On Sat, Aug 31, 2019 at 03:30:26PM -0700, Noah Misch wrote:
> On Sat, Aug 31, 2019 at 02:27:55PM -0400, Tom Lane wrote:
> > Noah Misch <[email protected]> writes:
> > > Done. fetch-add-variable-test-v1.patch just adds tests for non-constant
> > > addends and 16-bit edge cases. Today's implementation handles those,
> > > PostgreSQL doesn't use them, and I might easily have broken them.
> > > fetch-add-xlc-asm-v1.patch moves xlc builds from the __fetch_and_add()

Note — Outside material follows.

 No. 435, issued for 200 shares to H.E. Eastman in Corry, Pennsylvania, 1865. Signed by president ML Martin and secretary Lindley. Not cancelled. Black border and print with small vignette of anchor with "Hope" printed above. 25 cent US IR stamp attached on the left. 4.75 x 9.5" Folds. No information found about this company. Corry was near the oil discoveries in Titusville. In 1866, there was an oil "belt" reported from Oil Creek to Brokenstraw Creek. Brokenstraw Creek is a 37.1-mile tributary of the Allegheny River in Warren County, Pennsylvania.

> > > intrinsic to inline asm. fetch-add-gcc-xlc-unify-v1.patch moves
> > > fetch_add to
> > > inline asm for all other ppc compilers. gcc-7.2.0 generates equivalent
> > > code
> > > before and after. I plan to keep the third patch HEAD-only,
> > > back-patching the
> > > other two. I tested with xlc v12 and v13.
> >
> > Hm, no objection to the first two patches, but I don't understand
> > why the third patch goes to so much effort just to use "addi" rather
> > than (one assumes) "li" then "add"? It doesn't seem likely that
> > that's buying much.
>
> Changing an addi to li+add may not show up on benchmarks, but I can't claim
> it's immaterial. I shouldn't unify the code if that makes the compiled code
> materially worse than what the gcc intrinsics produce today, hence the
> nontrivial (~50 line) bits to match the intrinsics' capabilities.

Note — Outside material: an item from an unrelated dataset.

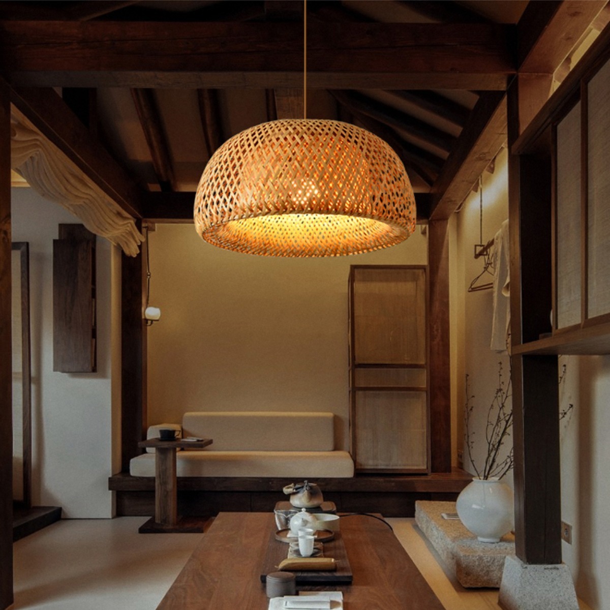 Lámpara colgante nórdica de madera de bambú, tejido a mano.

The first two patches have worked so far, but fetch-add-gcc-xlc-unify-v1.patch
broke older gcc: https://postgr.es/m/flat/[email protected]. That
side thread settled on putting pg_atomic_compare_exchange_u{32,64}_impl
implementations in arch-ppc.h. Attached fetch-add-gcc-xlc-unify-v2.patch does
so. For compare_exchange, the generated code doesn't match gcc intrinsics
exactly; code comments discuss this. Compared to v1, its other change is to
extract common __asm__ templates into macros instead of repeating them four
times (32/64bit, variable/const).
diff --git a/configure b/configure
index 7a6bfc2..d6ecb33 100755
--- a/configure
+++ b/configure
@@ -14650,6 +14650,46 @@ $as_echo "$pgac_cv_have_ppc_mutex_hint" >&6; }
$as_echo "#define HAVE_PPC_LWARX_MUTEX_HINT 1" >>confdefs.h
fi
+ # Check if compiler accepts "i"(x) when __builtin_constant_p(x).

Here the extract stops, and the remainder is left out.